Updating custom resources causes them to be deleted?

It’s important to understand the custom resource life cycle, to prevent your data from being deleted.

A very interesting and important thing to know is that CloudFormation compares the physical resource id you returned by your Lambda function to the one you returned previously. If the IDs are different, CloudFormation assumes the resource has been replaced with a new resource. Then something interesting happens.

When the resource update logic completes successfully, a Delete request is sent with the old physical resource id. If the stack update fails and a rollback occurs, the new physical resource id is sent in the Delete event.

You can read more here about custom resource life cycle and other best practices


The problem seems to be the sample implementation of the sendResponse() function that is used to send the custom resource completion event back to CloudFormation. This method is responsible for setting the custom resource's physical resource ID. As far as I understand, this value represents the globally unique identifier of the "external resource" that is managed by the Lambda function backing the CloudFormation custom resource.

As can be seen in the CloudFormation's "Lambda-backed Custom Resource" sample code, as well as in the cfn-response NPM module's send() and the CloudFormation's built-in cfn-response module, this method has a default behavior for calculating the physical resource ID, if not provided as a 5th parameter, and it uses the CloudWatch Logs' log stream that is handling logging for the request being processed:

var responseBody = JSON.stringify({
    ...
    PhysicalResourceId: context.logStreamName,
    ...
})

Because CloudFormation (or the AWS Lambda runtime?) occasionally changes the log stream to a new one, the physical resource ID generated by sendResponse() is changing unexpectedly from time to time, and confuses CloudFormation.

As I understand it, CloudFormation managed entities sometimes need to be replaced during an update (a good example is RDS::DBInstance that needs replacing for almost any change). CloudFormation policy is that if a resource needs replacing, the new resource is created during the "update stage" and the old resource is deleted during the "cleanup stage".

So using the default sendResponse() physical resource ID calculation, the process looks like this:

  1. A stack is created.
  2. A new log stream is created to handle the custom resource logging.
  3. The backing Lambda function is called to create the resource and the default behavior set its resource ID to be the log stream ID.
  4. Some time passes
  5. The stack gets updated with new parameters for the custom resource.
  6. A new log stream is created to handle the custom resource logging, with a new ID.
  7. The backing Lambda function is called to update the resource and the default behavior set a new resource ID to the new log stream ID.
  8. CloudFormation understands that a new resource was created to replace the old resource and according to the policy it should delete the old resource during the "cleanup stage".
  9. CloudFormation reaches the "cleanup stage" and sends a delete request with the old physical resource ID.

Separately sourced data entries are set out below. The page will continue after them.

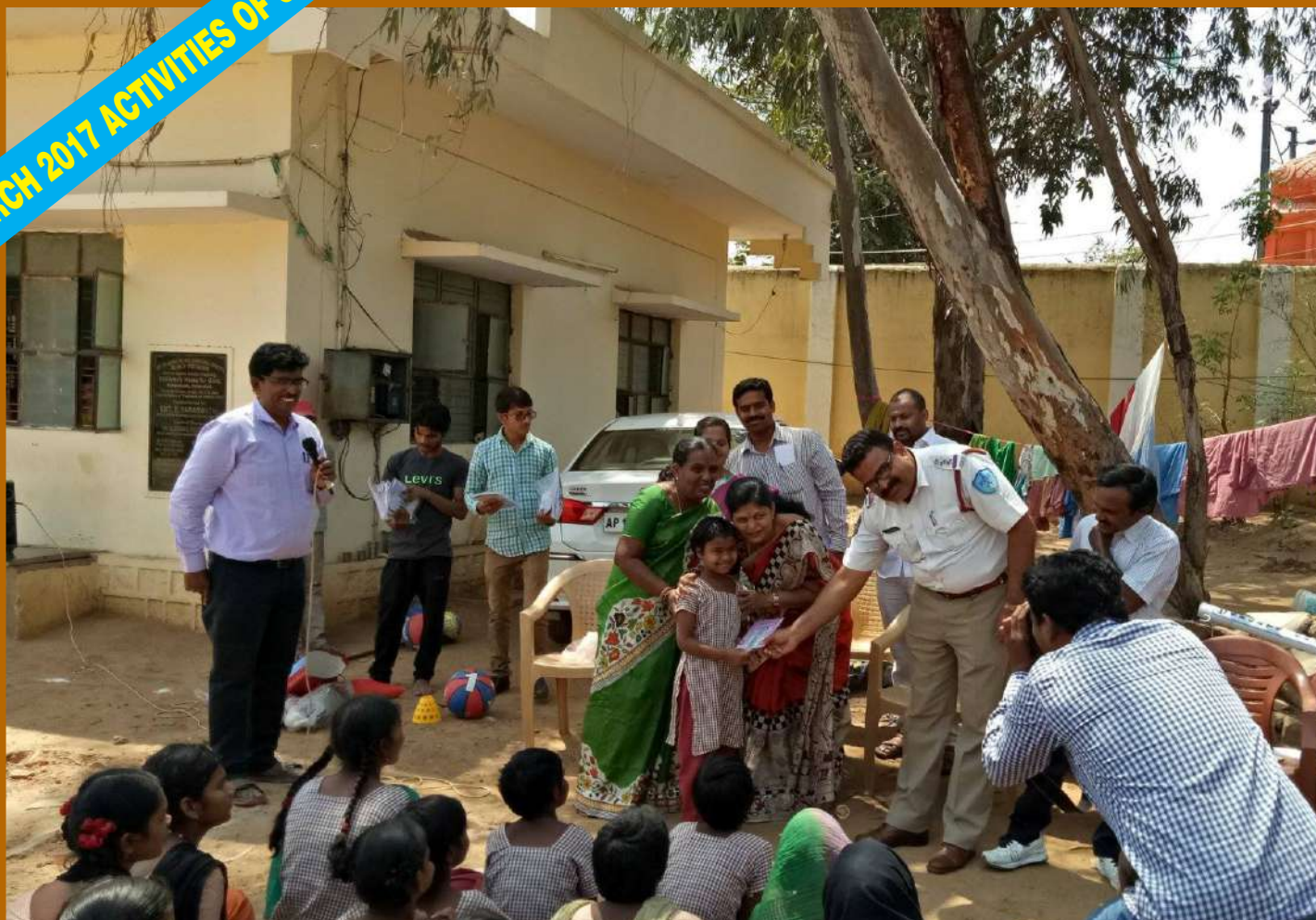
Group Photograph with the Sporting Juvenile Home Girls!
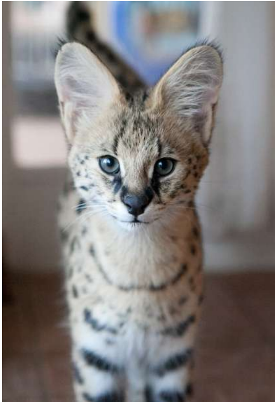
• Simba staring into your heart
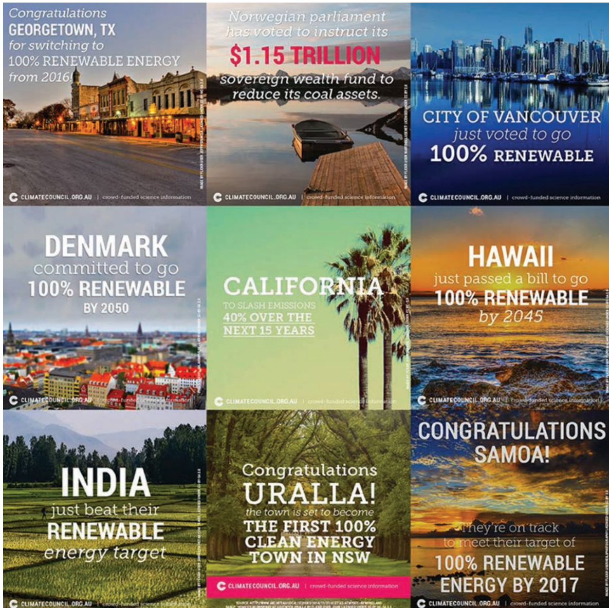
Examples of the Climate Council's positive focused social media content.

Having built a reputation for being a trusted and engaging voice in climate science communications, our partners feel confident in sharing the work we distribute.
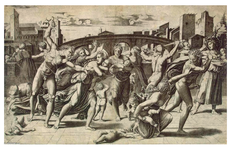
Figure 17. Massacre of the innocents in Bethlehem (Antonio Raimondi after Raphaël)
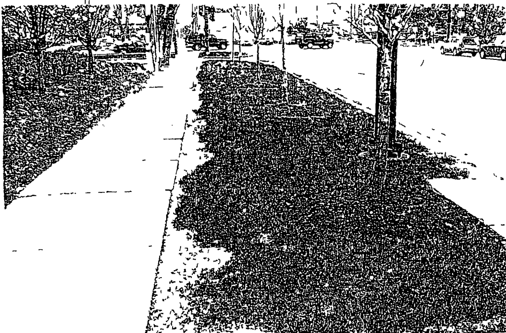
VIEW LOOKING NORTH ON CUMBERLAND FROM 5450 N. CUMBERLAND TO CATALPA
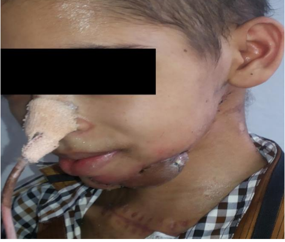
Fig. 9: Post-operative patient after detachment of pedicle of PMMC flap
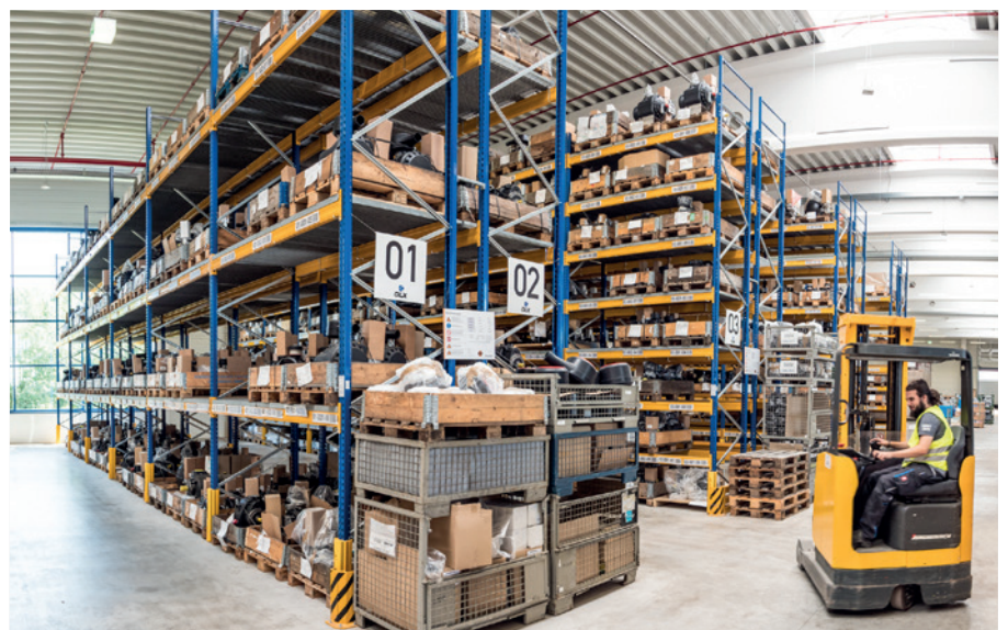
State-of-the-art storage logistics

BRENNER Verpackung has been a successful partner of BAUER KOMPRES-
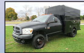
'09 RAM 3500 HD

2009 RAM Model 3500 HD Utility Truck , powered by Cummins 6.7L diesel engine and 6 speed transmission, equipped with Stahl 9' enclosed walk-in utility body, tow package with electric, dual rear wheels, air conditioning, and 235/80R17 tires. In good condition with good tires.
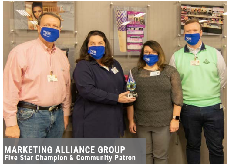
MARKETING ALLIANCE GROUP Five Star Champion & Community Patron
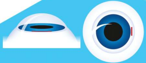
Incision shapes, side and topview
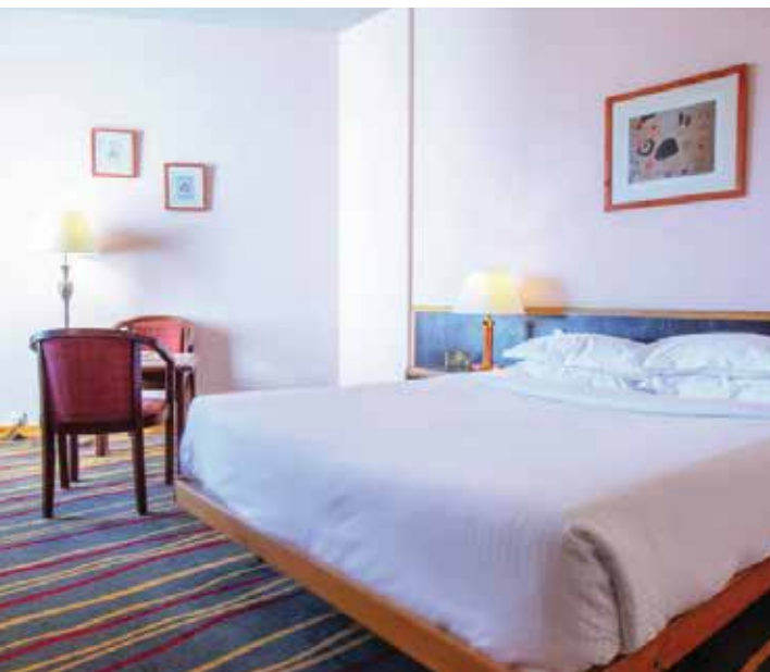
Chart your own path and choose from one of four comfortable and classic configurations spanning across 136 rooms. Each room is equipped with attached bathrooms, natural light, free WIFI, satellite TV, air conditioning, and several other amenities.
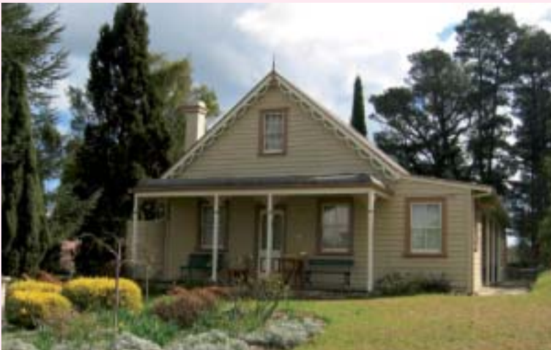
The 1890s cottage Tarella will be open on October 23, 29 and 30.
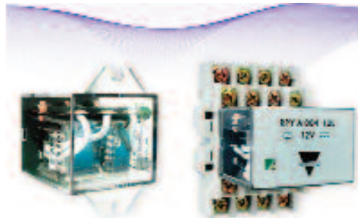
10A 3PDT / 10A 4PDT LED Indication (Plug Mount Only)
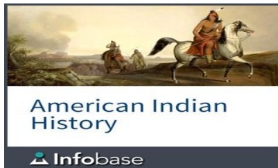
American Indian History Online
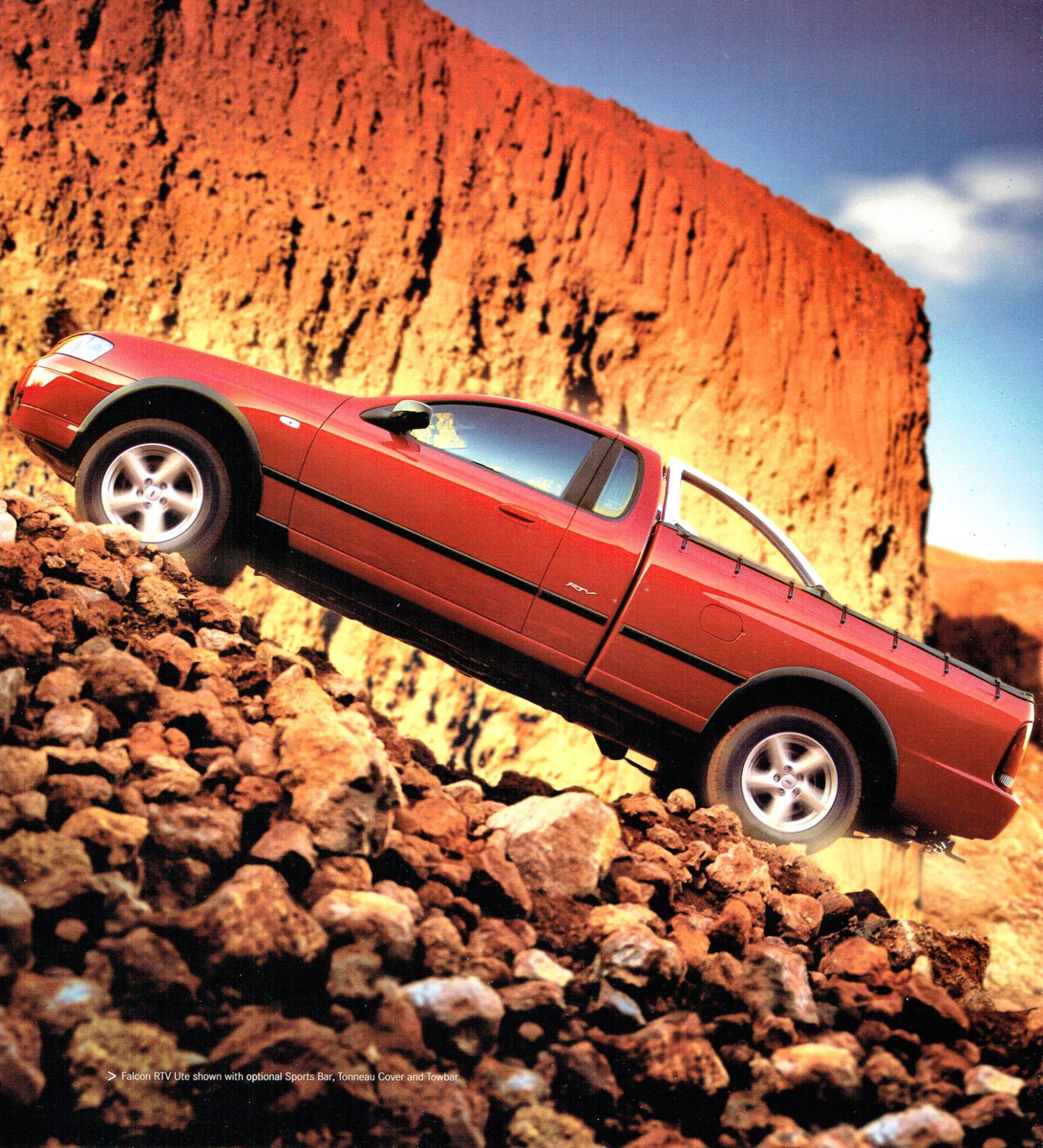
> Falcon RTV Ute shown with optional Sports Bar, Tonneau Cover and Towbar.

The solution, at least in my case where I never "replace the external resource" is to fabricate a unique identifier for the managed resource, provide it as the 5th parameter to the send response routine, and then stick to it - keep sending the same physical resource ID received in the update request, in the update response. CloudFormation will then never send a delete request during the "cleanup stage".

My implemenation (in JavaScript) looks something like this:

    var resID = event.ResourceProperties.PhysicalResourceId || uuid();
    ...
    sendResponse(event, context, status, resData, resID);

Another alternative - which would probably only make sense if you actually need to replace the external resource and want to adhere to the CloudFormation model of removing the old resource during cleanup - is to use the actual external resource ID as the physical resource ID, and when receiving a delete request - to use the provided physical resource ID to delete the old external resource. That is what CloudFormation designers probably had in mind in the first place, but their default sample implementation causes a lot of confusion - probably because the sample implementation doesn't manage a real resource and has no update functionality. There is also zero documentation in CloudFormation to explain the design and reasoning.